UW CSE professor Pedro Domingos and Ph.D. student Abe Friesen brought home the Distinguished Paper Award from the 2015 International Joint Conference on Artificial Intelligence (IJCAI) last month in Buenos Aires.
Pedro and Abe developed a new algorithm, Recursive Decomposition into locally Independent Subspaces (RDIS), capable of solving a broad class of nonconvex optimization problems. The duo demonstrated that RDIS significantly outperforms standard optimization techniques when applied to complex problems such as protein folding and mapping three-dimensional space from two-dimensional images. By applying problem-decomposition techniques to continuous optimization problems, RDIS has the potential to advance several areas of AI research, including computer vision, machine learning and robotics.
From the UW news release:
“‘In some ways optimization is the most important problem you’ve never heard of because it turns up in all areas of science, engineering and business. But a lot of optimization problems are extremely difficult to solve because they have a huge number of variables that interact in intricate ways,’ said senior author Pedro Domingos….
“The UW optimization algorithm, known by its acronym RDIS, progressively breaks an enormously complicated problem down into smaller, more manageable chunks — a simple idea commonly used when a problem consists of yes-or-no choices, but which had not previously been applied to numeric variables. RDIS can identify variables that, once set to specific values, break a larger problem into independent subproblems. Often, the problems are only nearly independent, but RDIS limits the error caused by treating them as fully independent.

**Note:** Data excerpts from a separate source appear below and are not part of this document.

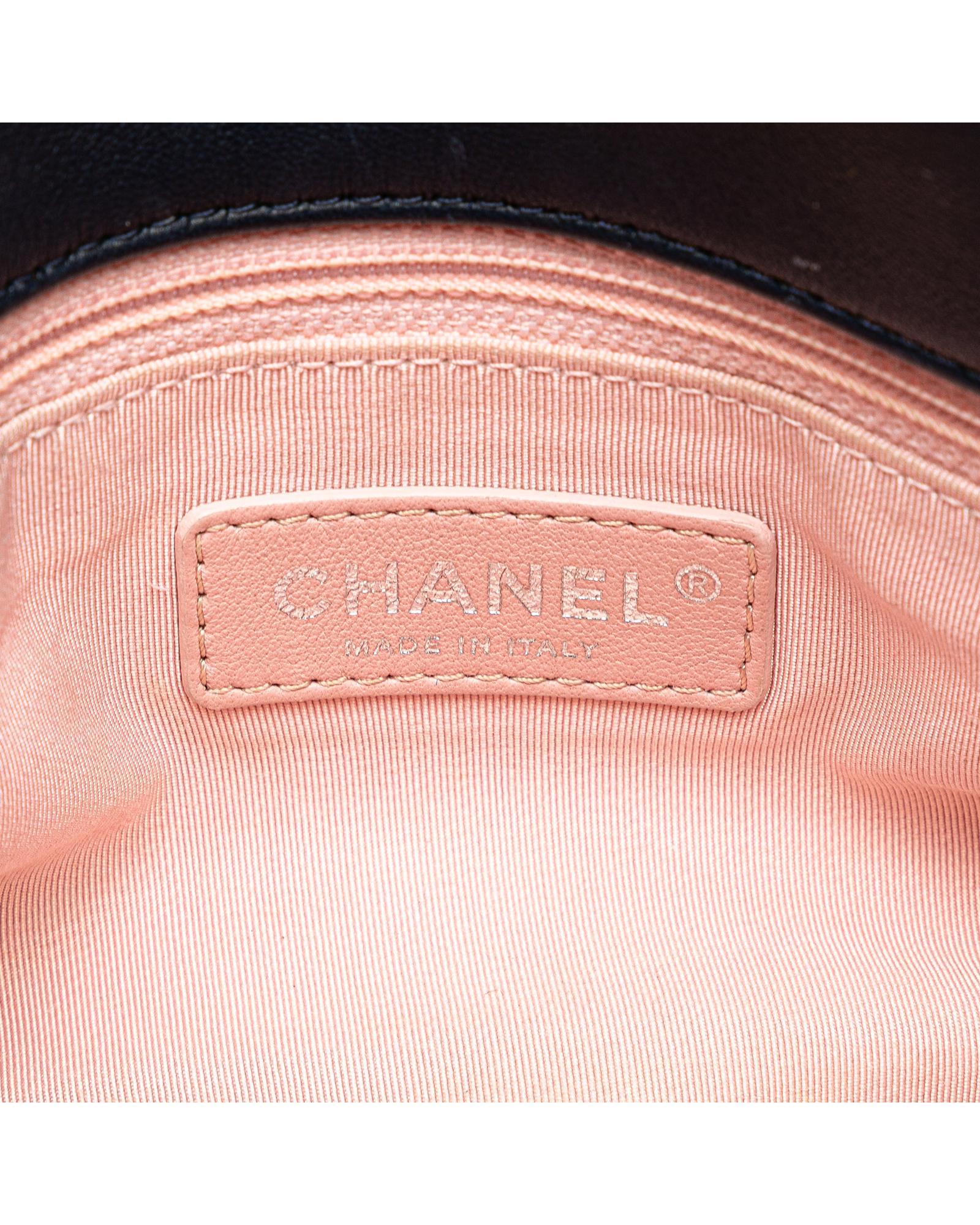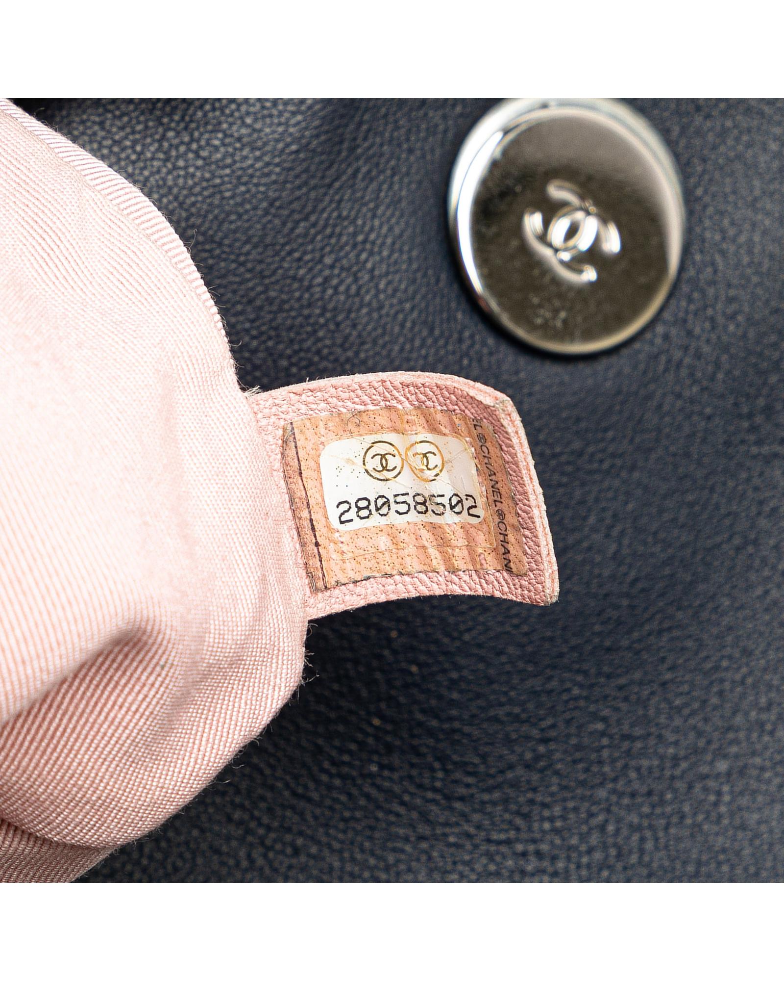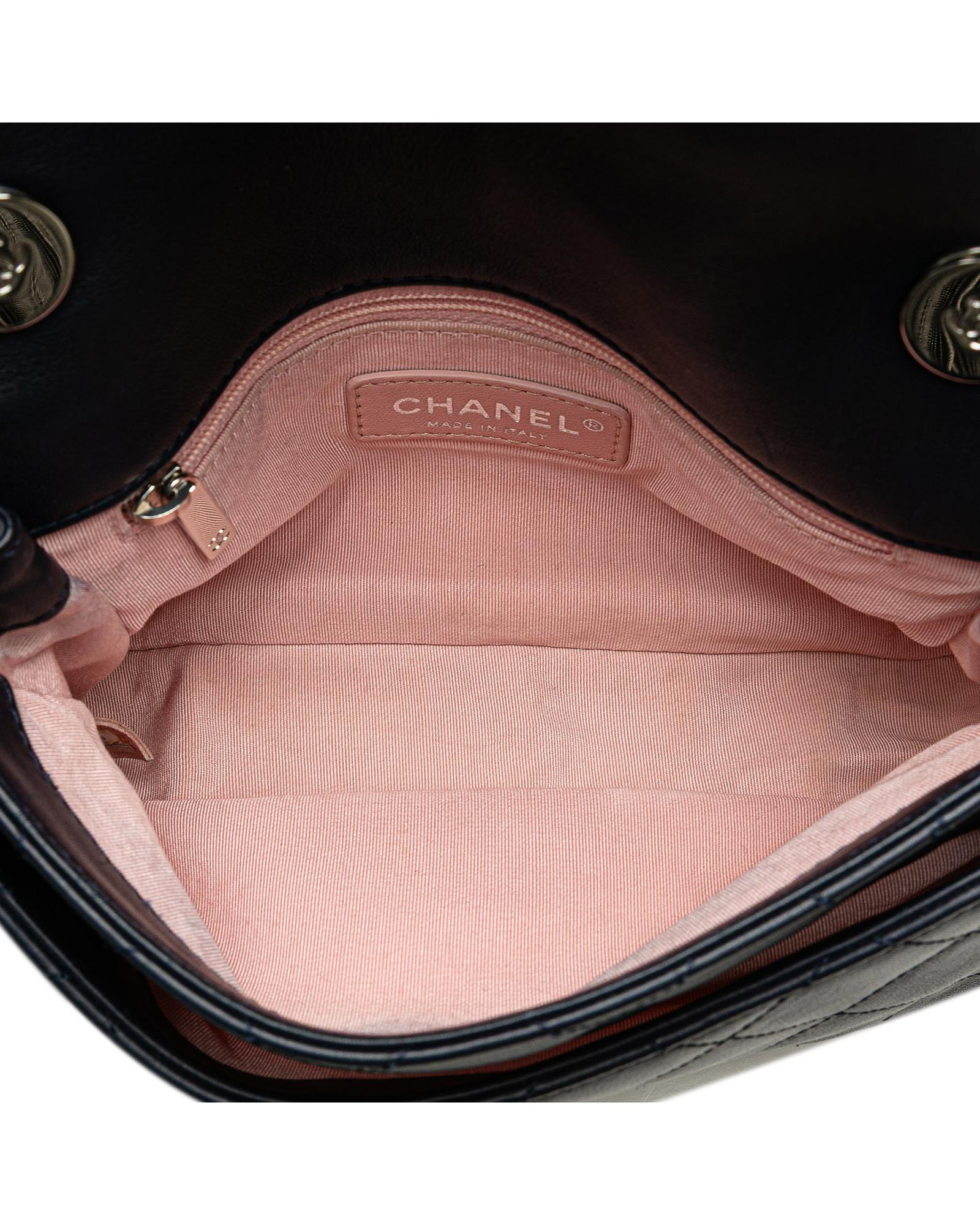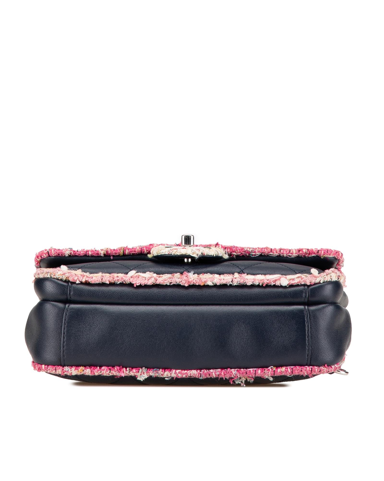 This satchel features a quilted lambskin leather body with tweed trim a chain link handle a detachable double layered chain link strap a front flap with CC turn-lock closure an exterior back slip pocket and an interior zip pocket.Brand: Chanel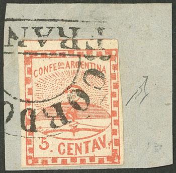GJ.1e, 5c. with variety "double period after CENTAV", on fragment with horseshoe "CORDOBA-FRANCA" cancel, excellent quality, signed by Alberto Solari (Image)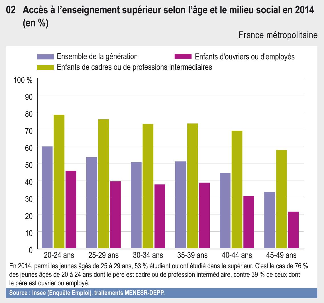 En 2014, parmi les jeunes âgés de 25 à 29 ans, 53 % étudient ou ont étudié dans le supérieur. C'est le cas de 76 % des jeunes âgés de 20 à 24 ans dont le père est cadre ou de profession intermédiaire, contre 39 % de ceux dont le père est ouvrier ou employé.
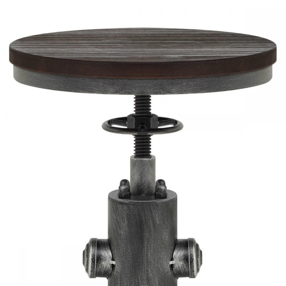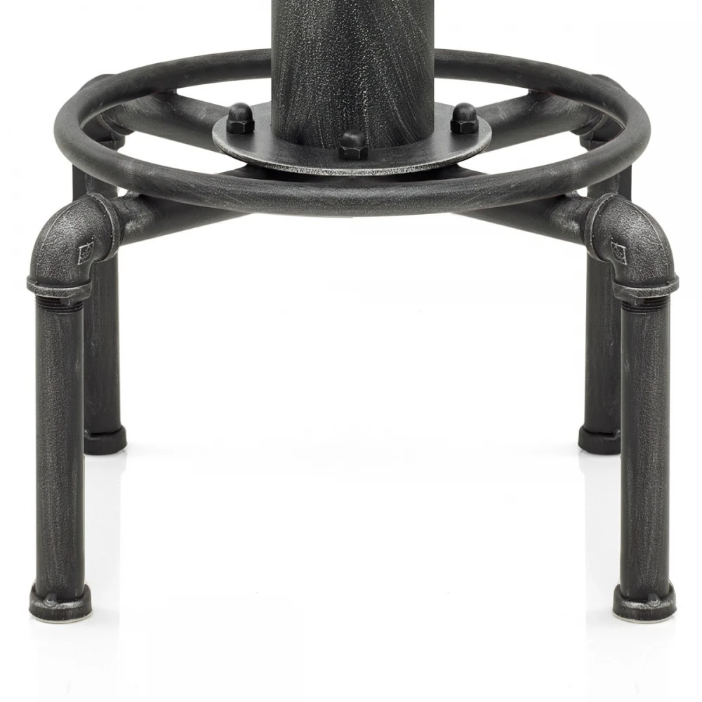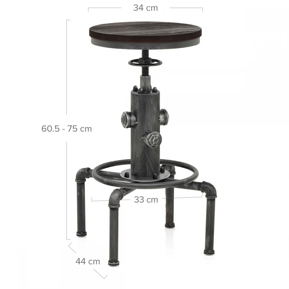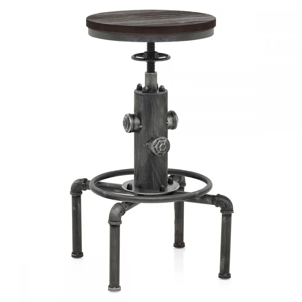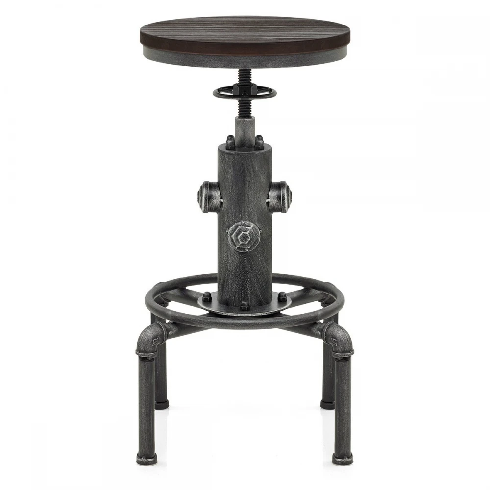 Der kompakte Barhocker im klassischen Industrie Design, ohne Rückenlehne, verfügt über einen stabilen dunklen Holzsitz, der jedem Ambiente Wärme verleihen wird. Angebracht auf einem metallisch-grauen Metallrahmen, kann die Sitzhöhe dank einem Schraubenmechanismus sehr einfach verstellt werden. Duch ein Drehmechanismus ist ebenfalls eine Drehung um 360 Grad möglich. Für zusätzlichen Komfort ist eine runde Fußstütze integriert. Die Füße sind außerdem mit Schützern für Ihren Boden versehen.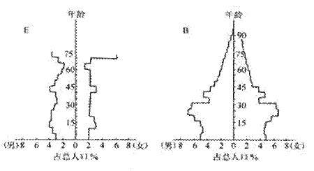 4、综合题 下图表示两类不同经济发展水平国家的人口年龄构成示意图,根据图示回答下列问题(7分)
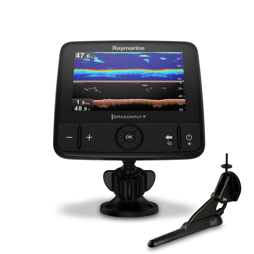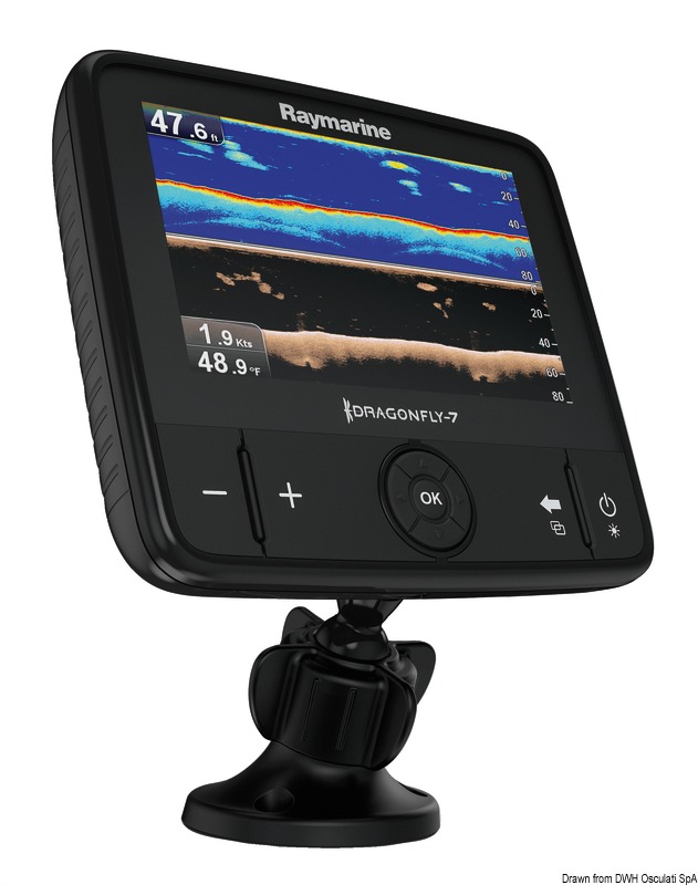 Благодаря компактному поворотно-наклонному кронштейну эхолот Raymarine Dragonfly может быть установлен практически в любом месте на судне.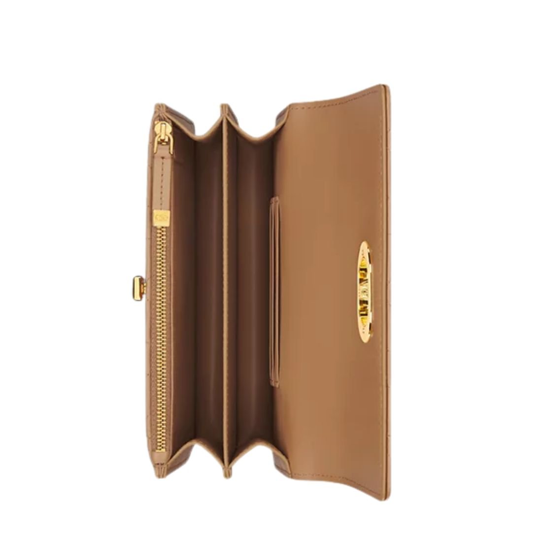 The Miss Caro Mini Bag refines the Dior Caro line with a blend of modern sophistication and timeless charm. Crafted in black lambskin, it features Macrocannage stitching for a distinct quilted texture. The flap is accented by a gold-finish metal CD twist clasp, inspired by the seal of a Christian Dior perfume bottle. The adjustable chain strap alternates between gold-finish metal links and tonal enamel links, with a leather insert for added carrying comfort — by hand, over the shoulder, or crossbody.
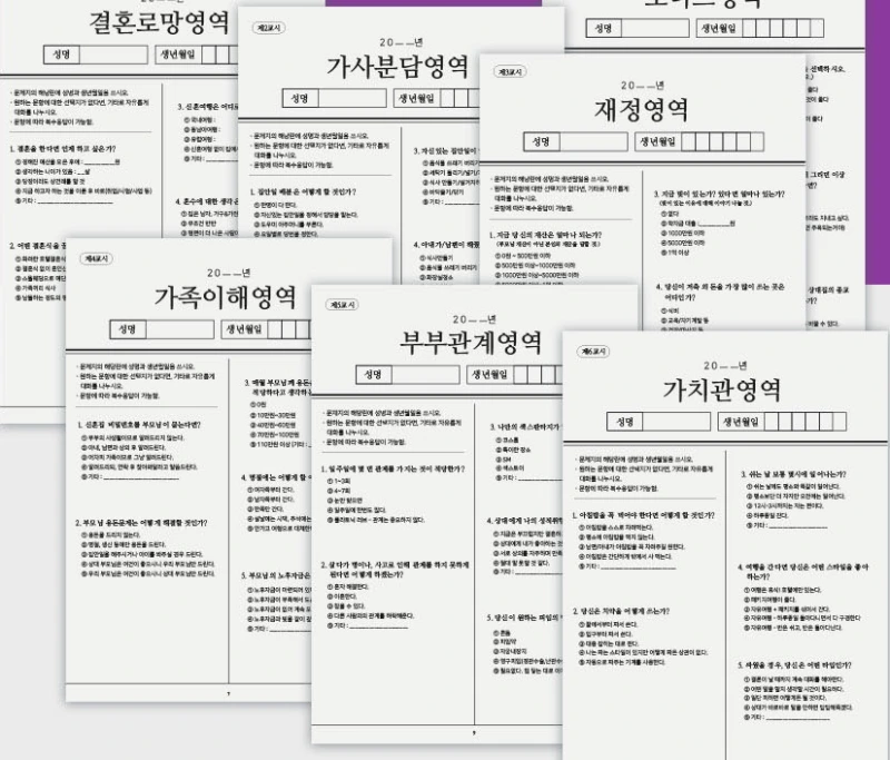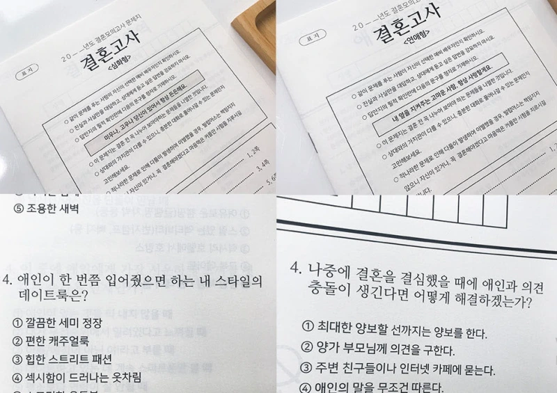 요즘 결혼하는 예비신부, 예랑이들은 결혼고사 란걸 한다고 한다. 나도 처음 보았는데 재미있고 신기했다

“‘This approach is something that is very different than what people were doing before and it also does something magical, which is solve some problems exponentially faster. And anytime you can do that, that’s when you get a big win,’ said Domingos.”
Read the news release here. Read the award-winning paper, “Recursive Decomposition for Nonconvex Optimization,” here.
Congratulations to Abe and Pedro on the big win! (Pedro has been on a roll lately – this latest achievement was preceded by winning the KDD 2015 Test of Time Award, publishing a new book, The Master Algorithm, and winning the KDD 2014 Innovation Award.)